While not a direct adaptation, the film mirrors the Mary Kay Letourneau scandal.

The film was announced in June 2021, with Portman and Moore joining the cast. Filmed in 23 days in mid-2022 in Savannah, Georgia, it premiered at the 76th Cannes Film Festival on May 20, 2023, where Netflix acquired the North American distribution rights.

May December had a limited theatrical release in the United States on November 17, 2023, before streaming on Netflix on December 1, 2023. It received critical acclaim and accolades, including four nominations at the 81st Golden Globe Awards and a Best Original Screenplay nomination at the 96th Academy Awards, and was chosen by the American Film Institute as one of the top ten films of 2023.

==Plot==
In 2015, actress Elizabeth Berry arrives in Savannah, Georgia, to research her upcoming role in an independent film. Elizabeth will be playing Gracie Atherton-Yoo, who, in 1992 at the age of 36, was caught raping 13-year-old Joe Yoo, a schoolmate of her son Georgie, at the pet store where they both worked. During a prison sentence, Gracie gave birth to Joe's child. Twenty-three years later, Gracie and Joe are married with three children: Honor, who is at college and twins Charlie and Mary, who are about to graduate from high school.

Elizabeth interviews Gracie and Joe about their relationship. Visiting the pet store where the couple met, Elizabeth sees the stock room where Gracie and Joe were caught having sex and reenacts the scene alone. She speaks with Tom, Gracie's first husband; Georgie, who is now a musician; and Gracie's defense lawyer. They view Gracie in varying ways, depicting her as naïve and passive, but also show how destructive her actions were.

Joe engages in a private text conversation with an unnamed friend who shares his hobby of rearing monarch butterflies. At one point, he proposes they take a vacation together, but she rebuffs him by reminding him he is married. At the accommodation she is staying in, Elizabeth talks with the film's director and suggests the film cast a "sexier" actor for the 13-year-old character of Joe after she views auditions of prospective co-stars.

Elizabeth participates in a Q&A at the twins' high school and discusses the intimacy actors and crew members feel when shooting a sex scene. When Elizabeth says she enjoys playing morally ambiguous characters, Mary is visibly offended.

At home, Charlie shares a cannabis joint with Joe, who reveals to his son that he has never tried cannabis before. High, Joe has a breakdown and weeps in Charlie's arms.

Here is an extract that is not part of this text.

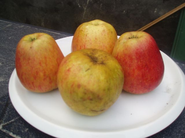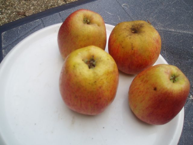 | Welaan, hier zijn ze. De oude dikke boom is door vrijwilligers gesnoeid. Met als resultaat dat de oude eigenaar-baas nog nooit zulke mooie grote appels heeft gehad als dit jaar. Als je ze bekijkt, zie je waarom ze ook wel "Slanke Zoete Renette" heten. Ook de naam Kaneelzoet wordt volgens "De Boomgaard" gehanteerd. Alleen, daar zit nou net het probleem. In de rubriek "Wondere Fruitwereld in beeld" plaatste ik in september afbeeldingen van een appel met een Kaneelsmaak. De oude fruitrasliefhebber , voormalig fruitboer, noemde het ras vol overtuiging "Kaneelzoet" Maar als je die "Kaneelzoet" uit de Wondere Fruitwereld van september 2008 vergelijkt met deze Slanke Zoete Renette, zie je dat er twee vormen zijn: een korte, dikke en een lange, slanke. De korte dikke heeft de uitgesproken kaneelsmaak; de Slanke Zoete Renette heeft die veel minder. Ook de oude fruitboer ervaart dat de Slanke Renette minder uitgesproken Kaneel-achtig smaakt. Leg je de twee appels naast "De Boomgaard", het boek uit 1868, dan stel je vast dat de Kaneelzoet uit de Wondere Fruitwereld niet de Slanke Zoete Renettes volgens het boekje zijn. Voorshands de volgende stelling. Volgens "De Boomgaard"komt de Slanke Zoete Renette uit de buurt van Gorinchem. Daar is al minstens 500 jaar "professionele" fruitteelt. Er zal dus wel geëxperimenteerd en gekruist zijn met e e n Kaneelappel en zijn bijzondere smaak. Alletwee hebben ze kenmerkend kartelblad, overigens. Wellicht is de stelling gewaagd dat we een korte dikke Kaneelappel enerzijds hebben en een Slanke Zoete Renette (uit "De Boomgaard") anderzijds. Wordt ongetwijfeld vervolgd.....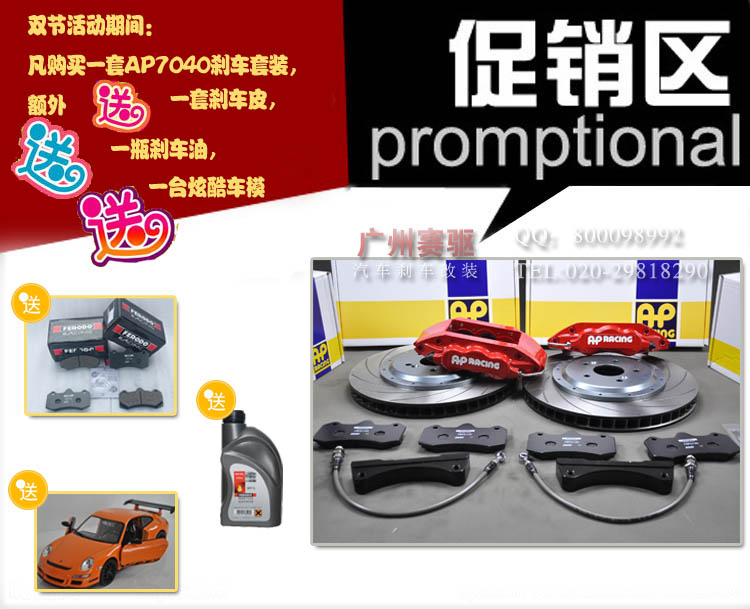 廣州賽驅汽車改裝貿易有限公司:九月促銷活動現正式開始!時間是9.21到9.30結束。活動促銷最劃算是AP7040大六剎車套裝主要促銷產品,現在購買即送超值大禮包!

The family, accompanied by Elizabeth, celebrate the twins' graduation at a restaurant, where they have an awkward encounter with Tom, Georgie, and the rest of Gracie's old family. Georgie proposes that Elizabeth get him a job as a music supervisor on the film in exchange for details about Gracie's life; he claims he read Gracie's diary and discovered that her older brothers sexually abused her. Georgie also threatens that if not given the job, he will disparage the film to the press when it is released. Elizabeth gets a ride home from Joe.

Elizabeth invites Joe to her accommodation, where he gives her a letter Gracie wrote him when he was young. Elizabeth tells Joe that he still has time to start a new life, after which they have sex. Joe leaves after she refers to his experiences as a "story," saying that story is "his life." Elizabeth then reads aloud the letter Joe gave her, adapting Gracie's mannerisms and lisps as she does so. Joe tearfully confronts Gracie about their relationship, wondering whether he was "too young." Gracie insists he seduced her and repeatedly asks who was really in control.

The morning of graduation, one of Joe's butterflies emerges from its chrysalis. Later, the whole family watches Charlie and Mary graduate while Joe weeps alone in the crowd. As Elizabeth prepares to leave, Gracie tells her Georgie fabricated the story of abuse by her brothers.

On set of the film, Elizabeth films multiple takes of a scene depicting Gracie seducing Joe at the pet store. While the director is satisfied, she asks to film another take, insisting that the scene is "getting more real".

==Production==
Screenwriter Samy Burch outlined the script with her husband, Alex Mechanik, and completed the screenplay on Memorial Day, 2019. Producer Jessica Elbaum came onboard after reading the screenplay. In June 2021, it was announced that Portman and Moore were cast in the film. Portman recruited Todd Haynes to direct. In September 2022, Melton joined the cast. In January 2023, it was reported that Piper Curda, Elizabeth Yu, and Gabriel Chung had joined the cast.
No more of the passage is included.